To be sure, there are some major media innovators out there who have found ways to make it work in this upended landscape. People like Paul Steiger, editor in chief of Pro Publica, an online investigative reporting outlet that has managed to not only fund itself and thrive but break some very big stories—like this one about the state of California hiring nurses who’d already been sanctioned in other states. Pro Publica has alreadywon a Pulitzer prize for its work, partners regularly with traditional media organizations for its investigations, and has a healthy operating budget of more than $ 10 million per year.

And yet Steiger himself recognized the woes of the media industry…read on

CATEGORIZED UNDER: Media and Science

Comments (9)

  1. Maybe it’s just me, but aren’t these some of the same concerns that were raised when books were printed in the common language, that without an aristocracy protecting knowledge it would become worthless.

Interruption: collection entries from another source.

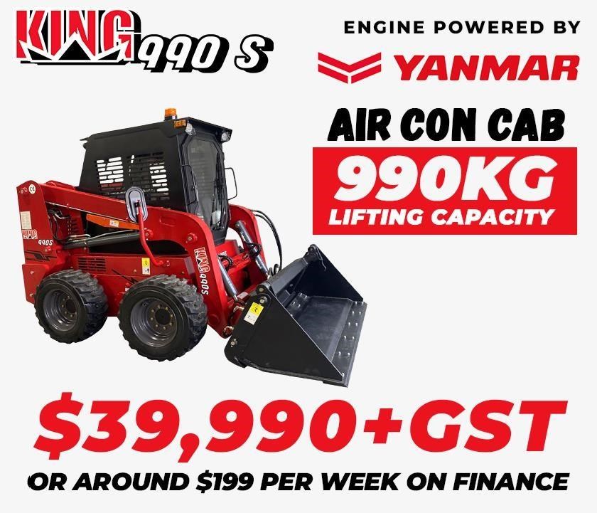 Digger King 990 Skid Steer Loader - 1730mm Wide With Enclosed Cab, Air Conditioning, Joystick Controls and More Lifting Capacity At only $39,990 + GST or around $199* per week, scroll down for all inclusions Want to make more money in your business faster, easier and more efficiently? Want a machine big enough to be fast and efficient but small enough to fit in tight spaces? Looking for high quality machine and a fair price? Answer yes to any of the above? Well maybe the King 990 skid steer loader is just right for you, priced affordably, the jobs this machine can be used for is endless. Not to mention the King 990 Skid Steer is an eye catching profit making beast! Watch how many people want to look at it and be amazed at how professional your business will look using the latest technology. It includes all of our standard features, plus everything you need to get started with your 990 S Loader with 4 in 1 bucket Load Capacity - 990 kg Yanmar Engine Max Load - 1660 kg Weight (with bucket) - 3010 kg Dimensions (without bucket) - 2520 mm (L) x 1730 mm (W) x 2070 mm (H) Warranty - 12 month parts and labour, 36 month parts warranty 4 in 1 Bucket - this allows your King 990 S to doze, dig, dump, carry, clamp, grab, optional teeth Fully Enclosed Cab with Reverse Cycle Air Con - whether it's summer or winter, you will be working in complete comfort with the 990 S Electronic Hydraulic Joystick Control - for easier operation Bucket and Arm Safety Lock - keep safe whilst you're working with our additional safety features Parking Brake - another safety feature that comes as standard with all Digger King skid steer models Lighting Package - includes warning light, front and rear turning light, rear width light Reverse Buzzer - alerts other workers and allows them to move out of the way whilst you're reversing Key Stop Engine - for the security of your machine when left on site Large Alloy Radiator with Cooling Fan - efficient cooling of engine and hydraulic oil Joystick Steering Control - manual controls means it's easy to use and manage your King 990 skid steer Hydraulic Oil Cooler - this means it keeps oil temp lower allowing you to operate longer with no issues Triple Hydraulic Pump System - this means you have efficient separation of power to attachments, bucket controls, and wheels with your King 990 skid steer Auxiliary Hydraulic Outputs - this means you can add many options of external accessories to your King 990 skid steer Hose Quick Coupler Fittings - this means it eliminates the chance of dirt and other foreign objects getting into your King 990 skid steer Curved Lift Arms to Facilitate a Radial Lift Pattern - allows your King 990 skid steer attachments to lift 'up' and 'out' increasing clearance to the front of the machine. Handy when using large augers CNC Manufacturing and Electrophoresis Paint Process - this gives you the unique King rust protection and excellent finish Large Donaldson Air Cleaner Primary/Secondary with Dust Venturi - you get longer working hours between services of your King 990 skid steer Muffler Insulation - this allows the engine to operate cooler allowing you to operate longer with your King 990 skid steer Hydrostatic Drive Train System - this allows you to do jobs with your King 990 skid steer easily as the hydraulic power is doing the work for you Japanese NSK Bearings and Grade 60H Chains - your King 990 skid steer is a just like Toyota designed to be unbreakable Standard Attachment Mounting Plate - you can buy attachments anywhere you like for your King 990 skid steer or use ones you may have already Operator Platform Suspension - when you are working on your King 990 skid steer your comfort is number 1 allowing you to work longer and easier day in, day out Gauges and Warning Lights - these gauges point out if there are any issues, meaning you can stop the machine and rectify before any damage is caused allowing your King 990 skid steer machine a long and reliable service life. Service Kit and Tools - included free is a tool box and service kit so you wont have to go digging for tools if you need to service or adjust something on your King 990 skid steer Hose Protection Kevlar Sleeving - prevents burst in the hoses, once again extending the life of your King 990 skid steer Track Drive with Grease Tensioner and Heavy Duty Re-coil Spring - this King 990 skid steer design gives you better traction and a lighter footprint meaning you can go anywhere with almost no trace Engine Access Panel Hinged and Lockable - this gives you easy access to all your components of your King 990 skid steer Heat-Treated Pins and Greaseable Bronze Bushes - this gives you longer life for your King 990 skid steer Tie Down Locations - safe security for transporting for your King 990 skid steer Emergency Stop Switch - quick and easy to hit in case of any issues while operating the machine; all standard on the King 990 skid steer Lift Hook Locations - if you have to lift your machine on to a site via a crane etc it can be done easily without any risk to your King 990 skid steer Lift Arm Safety Support - this means you are safe when using your King 990 skid steer Engine Engine Make Yanmar Cylinder 4 Rated Power 62 hp Rated Speed 2500 RPM Rated Flow 80 l/min Controls Electronic Hydraulic Joystick Control Fuel Diesel Electrical 12V Hydraulic System Pump Brand Danfoss (Denmark) Motor brand Sauer (USA) Flow 79 L/Min Valve Brand SD Pressure 180 Bar Cooler Water Driving System Motor Brand Poclain Pressure 180 Bar Flow 80 L/Min Speed 12 Km/h Aux Circuit Pressure 180 Bar Flow 79 L/Min Valve Brand SD Fluid Capacities Fuel 80L Diesel Hydraulic Oil 79L Engine Oil 6.5 L Tyres Type Tubeless Size 10-16.5 Specifications Rated Load - 990 kg Weight - 3010 kg Width - 1730mm (including bucket) Dimensions - (without bucket) - 2520mm (L) x 1730mm (W) x 2070mm (H) 4 in 1 Bucket - 1630mm wide Bucket capacity - 0.47 m3 Cabin - Enclosed with reverse cycle air conditioning Warranty - 12 month parts and labour, 36 mo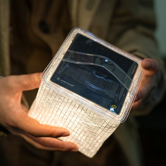 上部に内蔵されたソーラーパネルで充電でき、太陽のように闇を明るく照らします。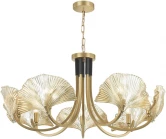 Ventaglio — в переводе с итальянского «веер»,это линия светильников выполненная в популярном стиле Ар-деко. Роскошная и изящная одновременно она станет изумительным украшением интерьера. Декоративный стеклянный элемент в виде листка гинкго билоба декорирован тонкими расходящимися от центра гранями, на краях листа создан эффект золотого градиента.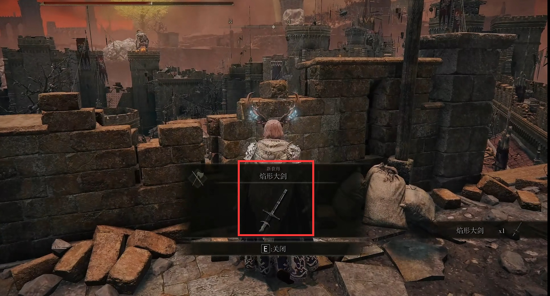 首頁 艾爾登法環 問答 艾爾登法環焰形大劍怎麼獲得? 2022-08-06 1.來到廣場前房間。2.往圖中方向進去。3.進來後點擊爬山爬樓梯。4.上來後打敗這個南瓜人。5.然後到牆邊點擊搜刮屍體。6.即可獲得焰形大劍。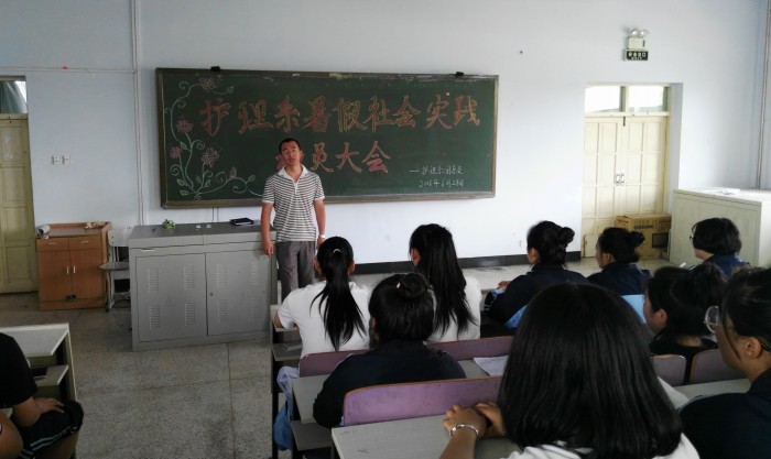 6月28日中午,护理系暑期社会实践活动动员大会在善学楼1214阶梯教室召开。护理系学办主任池明、护理系社会实践活动负责教师刘晓维以及百余名学生参加了会议。

I guess I’m just not all that worried.

  2. David

    Internet has only to increased the number of freelance reporters and added a few more outlets that shake up Reuters, AP and the other media conglomerates who have long enjoyed a monopoly. The pre-Internet media media merely had no competition. They could do as they pleased as long as the advertisers were happy. They apparently have not figured out that they are not the only game in town and will actually have to work at getting audience.They don’t understand that they are actually going to have to compete and put out a better product than people can get for free.

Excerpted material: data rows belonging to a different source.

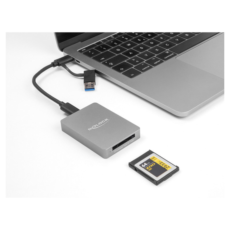 "DeLOCK USB Type-C Card Reader in aluminium enclosure for CFexpress or XQD memory cards. Compatible memory cards: CFexpress Type B, XQD, Product colour: Grey, Data transfer rate: 10000 Mbit/s. Interface: USB 3.2 Gen 1 (3.1 Gen 1) Type-C. Width: 49 mm, Depth: 71 mm, Height: 11 mm. Quantity per pack: 1 pc(s), Package type: Hanging box. Cables included: USB Type-C to USB Type-C, Interface adapters included: USB Type-C - USB Type A"\n"The card reader by Delock can be used for reading and writing XQD or CFexpress memory cards. The card reader can be connected to a PC or laptop via the USB Type-C™ or Type-A interface.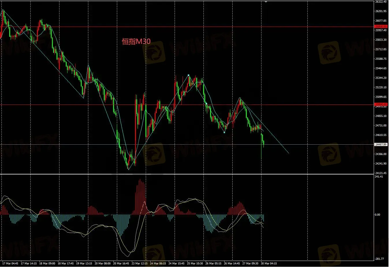 恒指M30持续看空,日内逢高卖出操作,上方重要关口25000,目标24000。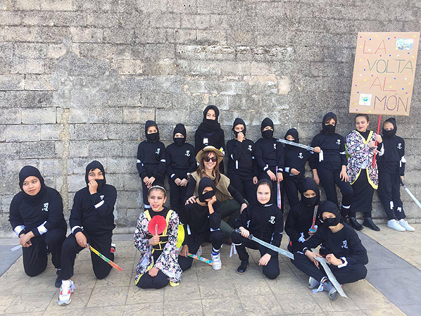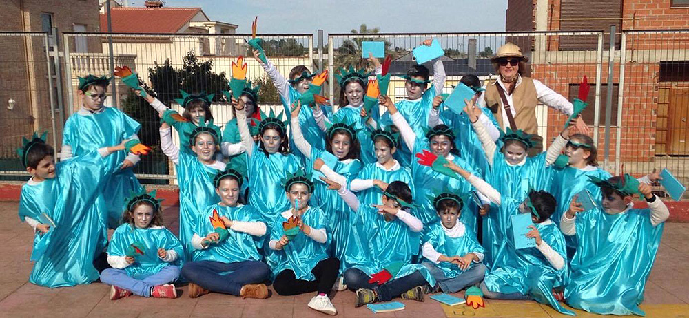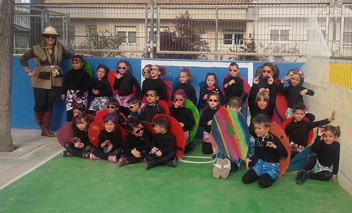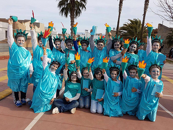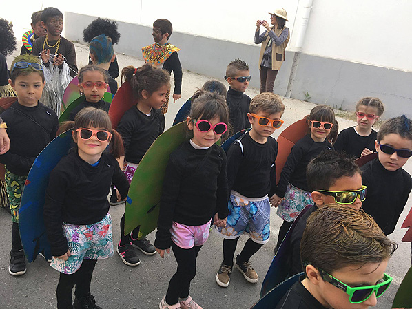 En infantil: (continente Oceanía) iban de canguros polinesios y surfistas. En el primer ciclo (continente África) iban de tribus africanas. En el segundo ciclo (continente América) iban de Mexicanos, Fruda Kahlo y de estatua de la Libertad.En el tercer ciclo (continente Asia) iban de Ninja y Geisha. Y todos los maestros iban de exploradores.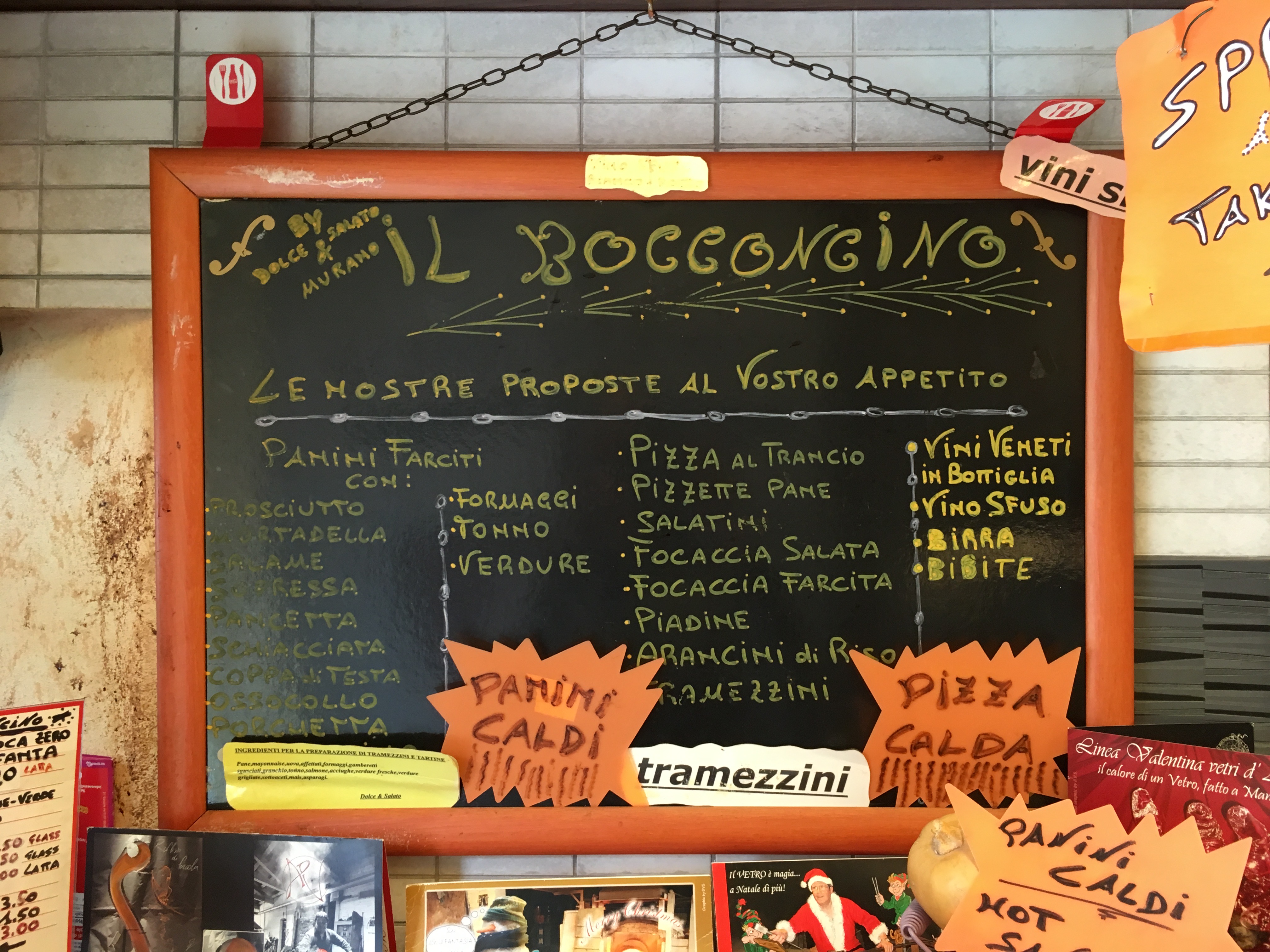 - per mangiare in piedi, di corsa e spendendo poco scelgo di mangiare un panino preparato dal Bocconcino (in Fondamenta Manin), oppure una delle loro pizze farcite o altro che la fantasia dei due proprietari ha fatto preparare

    The media in general have been making fools of themselves and departed from journalism years before the internet went public. Print media has long been the showcase for their advertisers. Television spends more time on self promotion, celebrities, and sports figures than any real reporting. Radio? Enough said.

  3. Brian Too

    I know this is true, and yet… I love my Internet. It has revolutionized the ease with which I can access information. My entire working life revolves around information so this is a non-trivial issue for me.

    The media are finding out that people will take free, less accurate information over paid, more accurate information. And for people like me, who frequent fairly reliable sites and sources, and can personally vet the rest, it’s not such a big issue.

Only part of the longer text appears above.